Der Wanderweg verläuft parallel zur Weinstraße, ebenfalls mit Start- und Zielpunkt in Pirna und Diesbar-Seußlitz. Lutz Gerhardt macht die Beobachtung, dass der Wanderweg mehr frequentiert wird als die Weinstraße. Denn in seiner Straußwirtschaft in Oberlößnitz machen mehr Leute mit Rucksack halt, als mit einem Auto vorfahren.

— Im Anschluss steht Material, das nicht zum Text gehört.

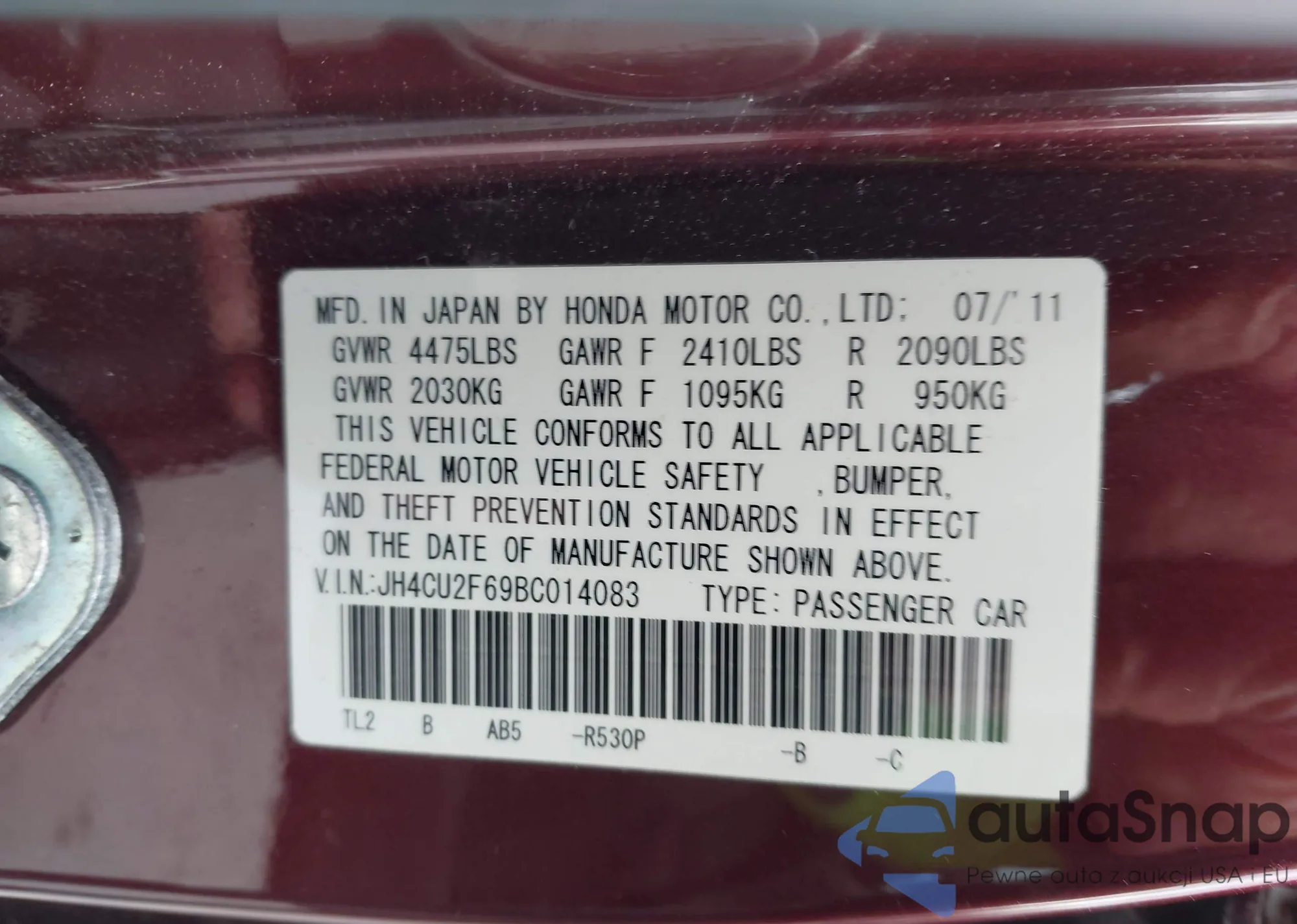 VIN: JH4CU2F69BC014083
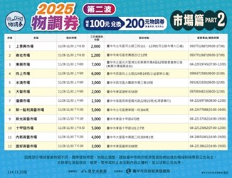 「物調券」發放活動,每一波皆為本市庶民經濟帶來強大效益,本年下半年為再次提升消費者聚集,增強行銷廣度,將續整合臺中傳統市場在地美食、新興夜市小吃、商圈潮流服飾等資源,將辦理第二波物調券發放活動,使全國民眾對本市豐富多元的市集文化留下深刻印象,進而提高整體規模,活絡振興本市經濟。

Für den rund 90 Kilometer langen Wanderweg hat der Tourismusverband Elbland-Dresden Hörstationen und einen Audioguide, Hörführer, entwickelt und im vorigen Jahr eingeweiht. Auf der dazugehörigen Internetseite unter www.weinwandern-sachsen.de/audioguide lassen sich alle derzeit 20 Stationen anhören und einsehen. "Seit Livegang der Website, inklusive Audioguide, im Frühjahr 2021 haben wir rund 90.000 Page Impressions generieren können, dabei entfallen rund 20.000 Seitenansichten auf den Audioguide", berichtet Vogel. Am meisten angehört wurden bislang Hoflößnitz, Lingnerschloss und Schwalbennest. (mit dpa)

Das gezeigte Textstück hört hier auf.